For the week, the DJIA advanced 0.69% while the S&P 500 slipped 0.06%. The tech-heavy Nasdaq declined by 1.08% on the week. International markets were modestly higher last week as the MSCI ACWI Ex USA index gained 0.10%. Small company stocks, represented by the Russell 2000, gave back 2.66%. Fixed income, represented by the Bloomberg Barclays Aggregate, had a strong week (up 0.49%) as rates declined across all time periods. As a result, the 10 YR US Treasury closed at a yield of 3.30% (down ~25bps from the previous week’s closing yield of 3.55%). Gold prices broke through a psychological resistance level last week to close at $2,002/oz. Oil (WTI) prices jumped higher to finish at $80.70/barrel as OPEC+ surprised the market with a 1.6 million barrel per day output cut.
The U.S. economy started 2023 off strong, with many Wall-Street economists calling for positive real GDP growth upwards of 3%. However, the Atlanta Fed GDPNow model now shows the U.S. economy forecasting Q1 real growth of only 1.5%, down from 3.5% two weeks ago. A sharp drop in the ISM manufacturing and nonmanufacturing PMIs, and a larger-than-expected decline in job openings in February were just some of the economic data misses last week.

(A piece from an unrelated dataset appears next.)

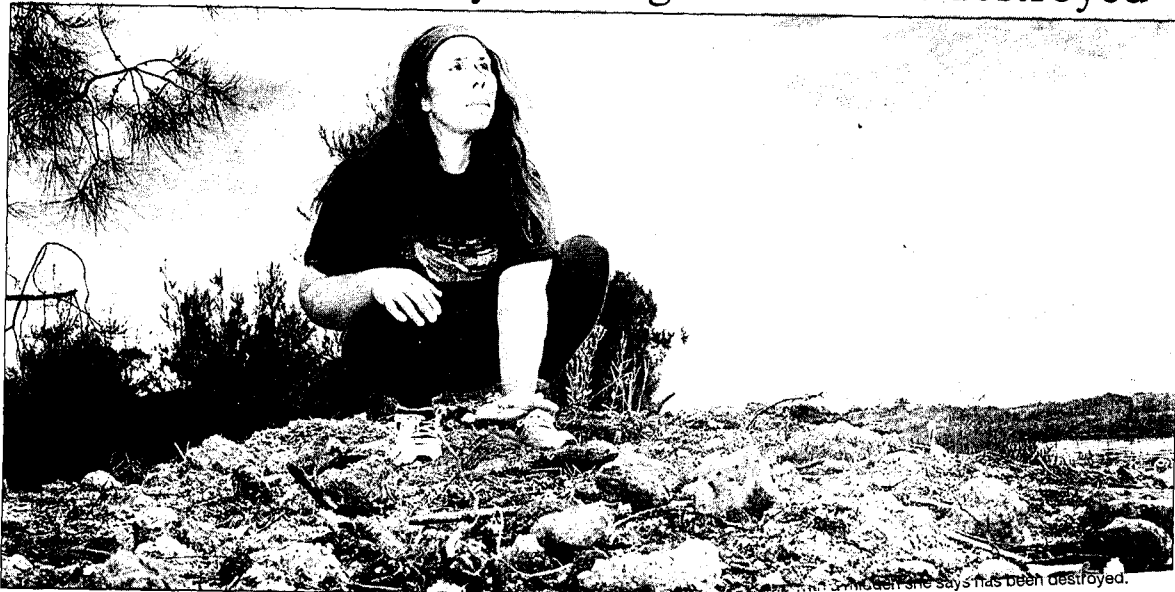
Dumped: Maialang Aboriginal Heritage Society member

Earnings season will kick off this week with several reports from the banking and consumer discretionary sectors. The financial reports and follow-up commentary from the banking sectors will be closely watched given the fallout from the SVB and Signature Bank failures a few weeks ago. Other important economic data releases this week include reports on inflation (both CPI and PPI) and retail sales for the month of March.